Maureen Fleming has been doing “Black Madonna” pieces and programs for some years now, in salute to the Virgin Mary and to pagan goddesses ranging back to the Stone Age. “B. Madonna” (2013), the 100-minute work she brought to the Institute of Contemporary Art’s Barbara Lee Family Foundation Theater Friday, in a World Music/CRASHarts presentation, was at one time titled “Persephone: O Black Madonna,” and it proposes that the Greek goddess of the Underworld was one of those early black madonnas. The conceit doesn’t really materialize onstage, but Fleming, now in her early 60s, is as mesmerizing as ever.

Born on a US Navy base near Yokohama, Fleming spent the first three years of her life in occupied Japan. When she was 2, her mother hit the brakes of their car to avoid a bicyclist; Fleming went through the windshield and suffered spinal damage. Her recovery motivated her to study the movement of the body and become a dancer. In a style that incorporates the Japanese dance-theater form butoh, she performs naked, sometimes encased in flowing diaphanous fabric, usually in contorted slow motion. “The body is my instrument,” she has said. “The flesh is the costume of the soul.”

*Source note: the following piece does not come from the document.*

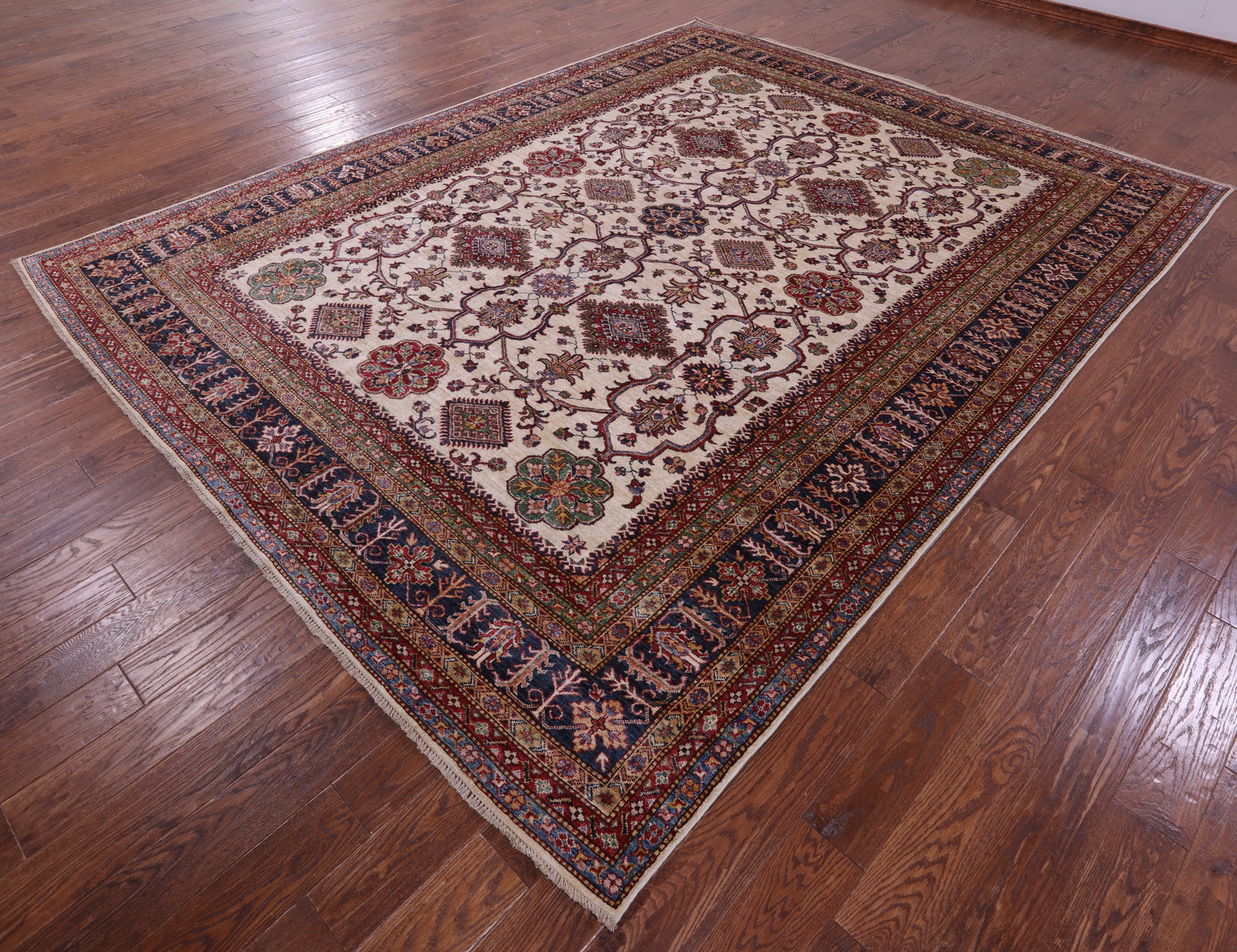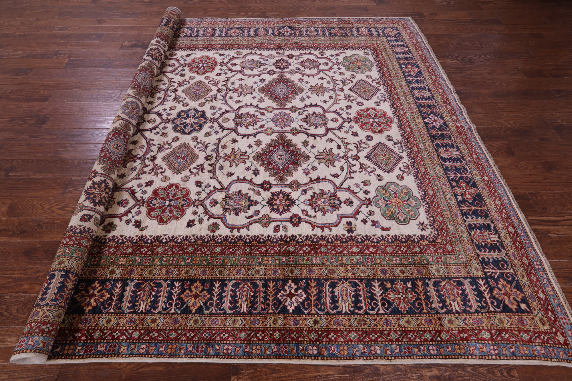 Ivory Super Kazak Hand Knotted Wool Rug - 8' 11" X 11' 4"

“B. Madonna” comprises nine pieces, some them drawn out of Fleming’s previous repertoire, with titles like “The Sphere” and “Dialogue of Self and Soul.” The set includes stairs and a circular reflecting surface. There’s bits of spoken text by Tony-winning playwright David Henry Hwang. New England Conservatory piano department chair Bruce Brubaker plays music by Philip Glass at an onstage piano; there’s recorded music by Glass, Guy Klucevsek (accordion), and Kaoru Watanabe (taiko drum), plus thunder and the sounds of running water. Longtime Fleming collaborator Christopher Odo contributes three-dimensional video projections of Fleming dancing; he’s also responsible for the shadowy lighting.

At one point, Fleming is sheathed in a long red fabric from which she struggles to escape; we also see her descending, upside down, the stairs. And Odo’s appearance in “Man on a Bicycle,” where he brandishes a staff like a samurai sword while we hear the story of Fleming’s accident, is meant to suggest Hades. But for the most part, there’s only the text (“Hades transforms my pain into pleasure”) and Fleming’s extended program note to tell you that “B. Madonna” is supposed to be about Persephone.

“B. Madonna” should be, and in fact is, about Fleming. The evening’s centerpiece is “Axis Mundi,” where she lies on one side and, over a nearly 30-minute span, twists and turns in a way that posits the spine as the axis of the world. Elsewhere, she backbends into a sphere, contorts her body in such a way it looks like an amoeba, or an atom. As earth goddesses go, she’s the real black madonna. 

B. MADONNA

Performed by Maureen Fleming. Presented by World Music/CRASHarts. At the Institute of Contemporary Art, Barbara Lee Family Foundation Theater, April 21.